Exercise brief: Retype the data exactly, skipping any picture in it.

Records contained in a dataset
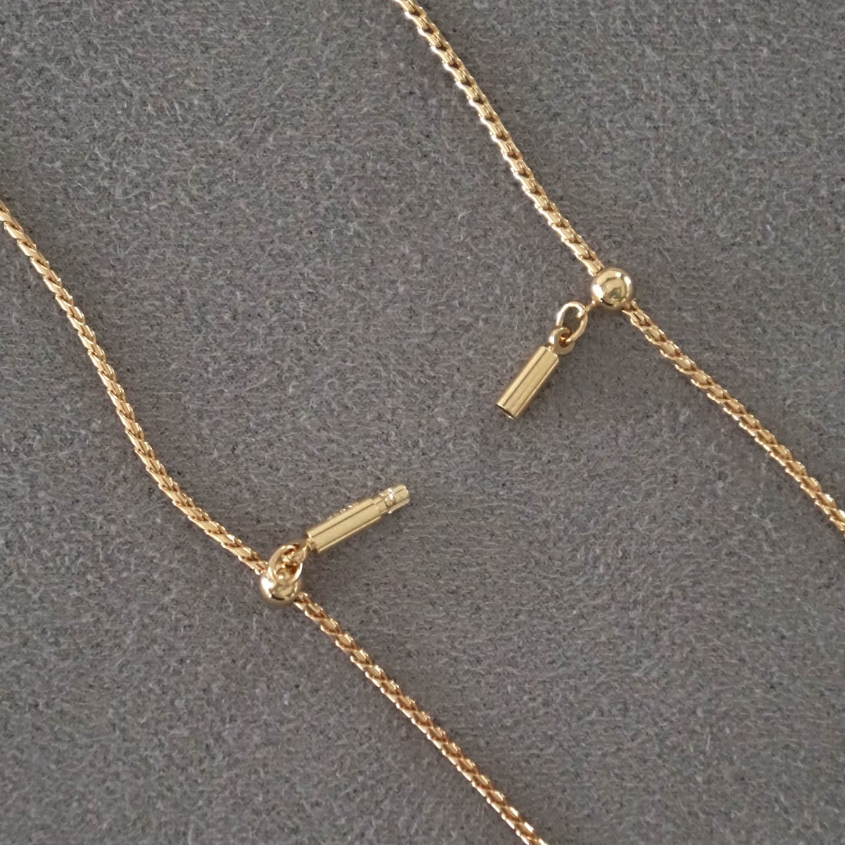 留め具の両サイドのボールをスライドさせることで長さを調節していただけます。
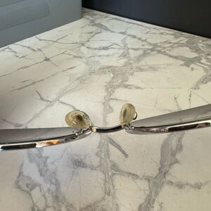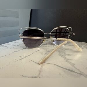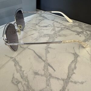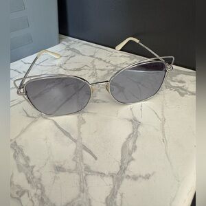 Silver metal cat eye sunglasses - style GU7528 from Guess. Yellowing in the nose pads due to age - only worn a few times, as I need prescription lenses. These are non prescription - mirror style lenses. Good used condition- some minor scratches in the lenses are present. Does not come with the original case.
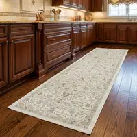 8' Beige And Green Abstract Runner Rug
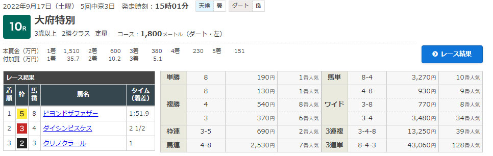 レース結果はコチラになります。
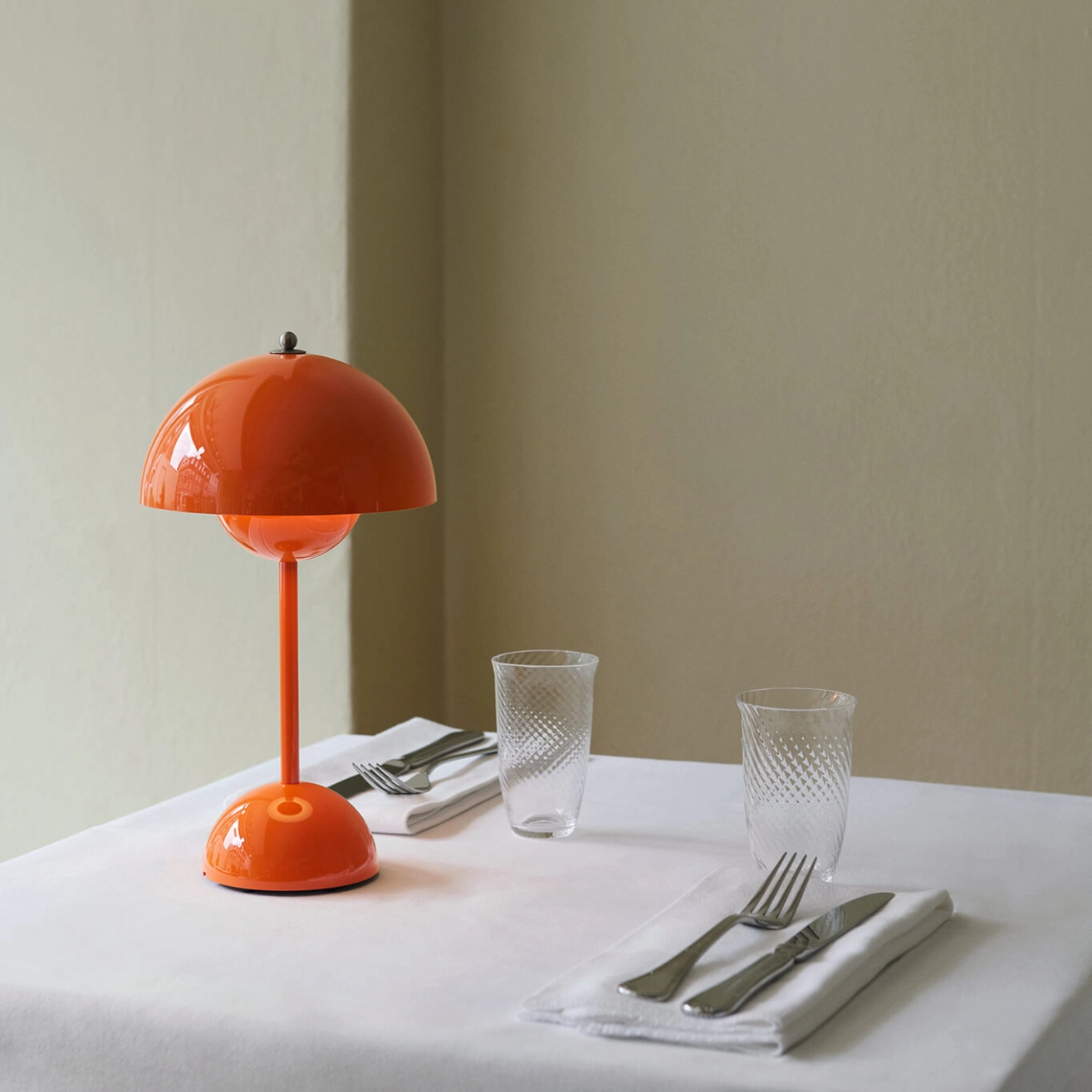 In 1968, the student riots in Paris, Rome and the United States overthrew the old, overly severe values and brought in the "Flower-Power" generation of peace, love and harmony. In the same year, Stanley Kubrick imagined the future, the year 2001, featuring in his film the Panton chair that had become a design classic and man was about to set foot on the moon. In the world of design, a colourful and fun pendant lamp was blooming in restaurants and exhibitions and was soon seen in homes, too. The FlowerPot lamp, with its two half spheres facing each other, features a timeless, high-quality design, edited by & Tradition. With a wide choice of colours, the FlowerPot VP9 table lamp is very practical thanks to its battery operation. With the cable removed, it can easily be moved around, finding the perfect spot in both homes and communal spaces.

Answer to the problem:
 留め具の両サイドのボールをスライドさせることで長さを調節していただけます。
 Silver metal cat eye sunglasses - style GU7528 from Guess. Yellowing in the nose pads due to age - only worn a few times, as I need prescription lenses. These are non prescription - mirror style lenses. Good used condition- some minor scratches in the lenses are present. Does not come with the original case.
 8' Beige And Green Abstract Runner Rug
 レース結果はコチラになります。
 In 1968, the student riots in Paris, Rome and the United States overthrew the old, overly severe values and brought in the "Flower-Power" generation of peace, love and harmony. In the same year, Stanley Kubrick imagined the future, the year 2001, featuring in his film the Panton chair that had become a design classic and man was about to set foot on the moon. In the world of design, a colourful and fun pendant lamp was blooming in restaurants and exhibitions and was soon seen in homes, too. The FlowerPot lamp, with its two half spheres facing each other, features a timeless, high-quality design, edited by & Tradition. With a wide choice of colours, the FlowerPot VP9 table lamp is very practical thanks to its battery operation. With the cable removed, it can easily be moved around, finding the perfect spot in both homes and communal spaces.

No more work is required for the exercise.